I have two smaller mystery snails that I plan to keep in a filtered 2.5 gallon tank and clean it often. The filter is one of those corner sponge filters and I think it will create more bubbles than I think betta will like. 

I'd like to put one single fish that isn't shy and that won't pick on the mystery snails. Is there a hardy fish that can live in a small tank like this alone and be happy? I am aware that this creates a high bioload and I don't mind doing the cleaning even if it's daily. It only takes a 5 minutes or so to change the water.


----------



## lilnaugrim (Mar 27, 2013)

Well you could do a male guppies or male endlers, two of each but not together. They'll spar but they won't kill each other generally. Or you can get one Killifish, I love Killifish and think they would make a good choice; they do like well established tanks and the smaller one's bio-loads are relatively small. So my first pic would definitely be just one Killifish. They're water requirements are very different to each genus so make sure you look into that as well. I can help you a little for finding the right species since there are thousands, I'm only an amateur with Killis but I can at least get you on the right path lol.


----------



## jadaBlu (Feb 14, 2013)

Sure that would be great!


----------



## Namialus (Jul 9, 2013)

To be honest, not many fish could live in such a small tank... :/


----------



## lilnaugrim (Mar 27, 2013)

Actually I beg to differ Namialus. Nano fish will do just fine in a 2.5 if it's planted and filtered as Jada has it. And more than half of the Killifish species will do just fine in there as there are thousands of their species; so many to pick from! And then yes, the nano fish would you could have a school of 4-5 depending on the species just fine and then there are the Microfish as well; bigger than the nano's though so not as many in the tank.

Also shrimp is an option as well. However not usually with Killifish unless they are the smallest of their species.


----------



## LittleBettaFish (Oct 2, 2010)

Dario dario are another option. A single male would do well in a 2.5 gallon tank. I would not keep two males in a tank that size though as they are actually very territorial little fish. 

Clown killifish would be suitable for a 2.5 gallon tank. I personally think most of the other species really do better in at least a 5 gallon tank as they are extremely active. My australe pair share a 7 gallon and they use every inch of it over the course of a day. 

Sparkling gourami are another option. I had some and they are lovely fish.

Keep in mind however, most of these nano friendly fish do require good water quality. They are not as hardy as bettas and so less tolerant of poor water conditions.


----------



## jadaBlu (Feb 14, 2013)

Thanks! For anyone concerned, I can easily come up with a bigger tank if it becomes neccessary. I have spares. I am using the 2.5 gallon due to the location I want to put it in there's a 2 gallon and 3.5 next to this one. Only room for the 3 that way. I just keep looking at the snails and it's really boring just to have 2 snails in the tank. I think the snails are older they are not very active compared to others I have. They were in a tank with something called a Devil fish the the LFS owner was letting the fish pick off off all the mystery snails in tank. They would not peek out of their shells for a few days. They can relax now.


----------



## lilnaugrim (Mar 27, 2013)

Yeah, wasn't sure about Badis but they would be a great option! I know most of the fish we mentioned like to be with a group of their own for social reasons but I'm sure one male will be fine of either Killi or Badis.

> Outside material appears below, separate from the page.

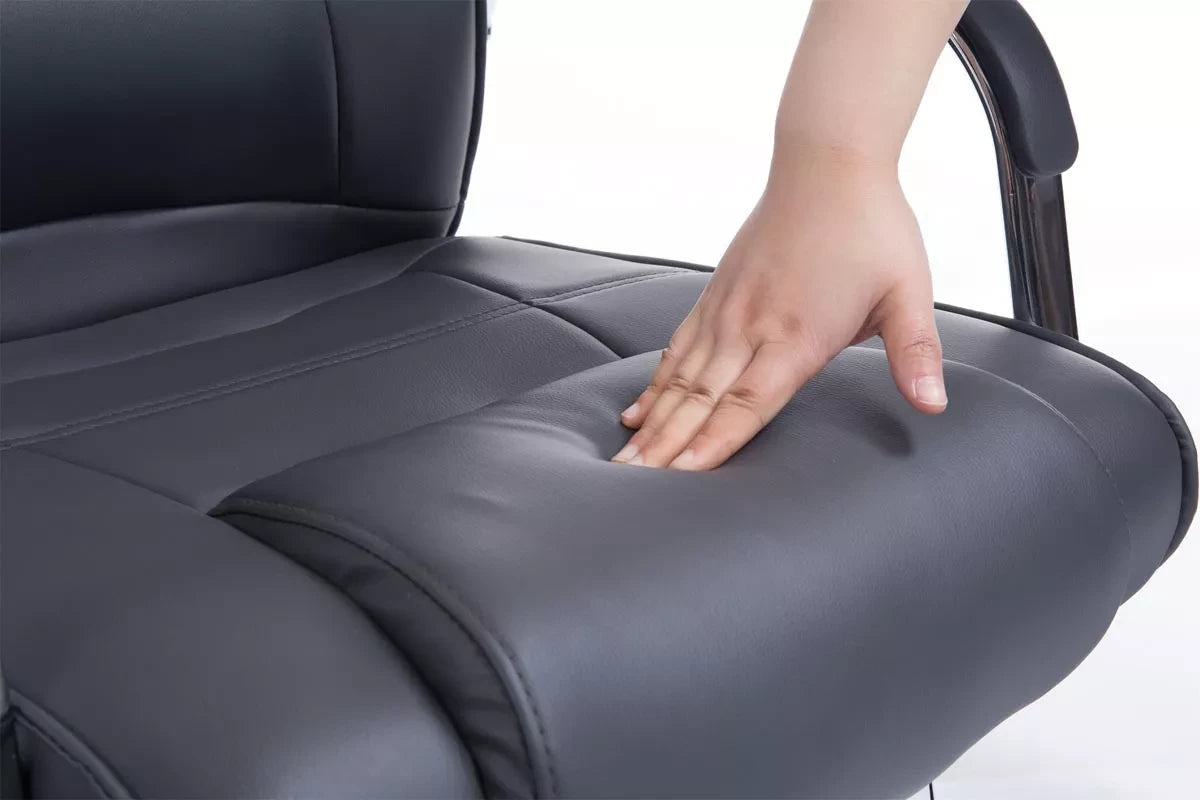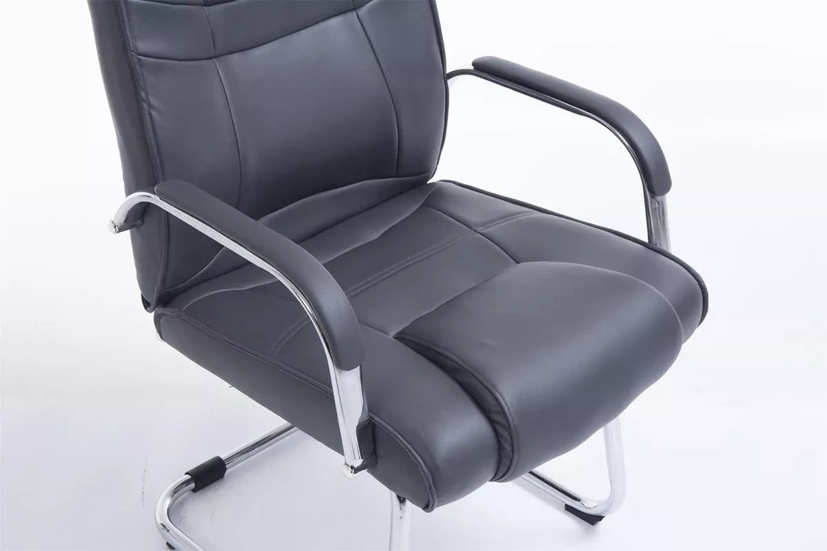 The visitor chair gives any room an exclusive look and impresses not only with its excellent seating properties, but also with its modern design. It swings freely and adapts precisely to the leg length and weight of the seated person. Thanks to the ergonomically shaped seat and comfortably upholstered armrests, even longer sitting does not become strenuous. The comfortable upholstery is covered with artificial leather. The visitor chair stands on the robust and extra reinforced metal frame for any occasion, you just have to choose the right color from our range. This visitor chair is ideal for tall and heavy people, because it can carry a maximum load of 180 kg.

Glad to snails can rest now! :-D


----------



## LittleBettaFish (Oct 2, 2010)

Scarlet badis/dario dario are stunning. I had some a while back and really the only downside is that they generally do prefer live/frozen foods to pellets. They have a lot of attitude for such a tiny fish.


----------



## lilnaugrim (Mar 27, 2013)

Yeah! I've always wanted to get them since I found out about them, they just look simply amazing! but I never had a tank set up for them, instead I got more Betta's >.< whoops. But the same is with Killifish too, I was mostly interested in A. Australe Orange though since I absolutely love that color ;-)


----------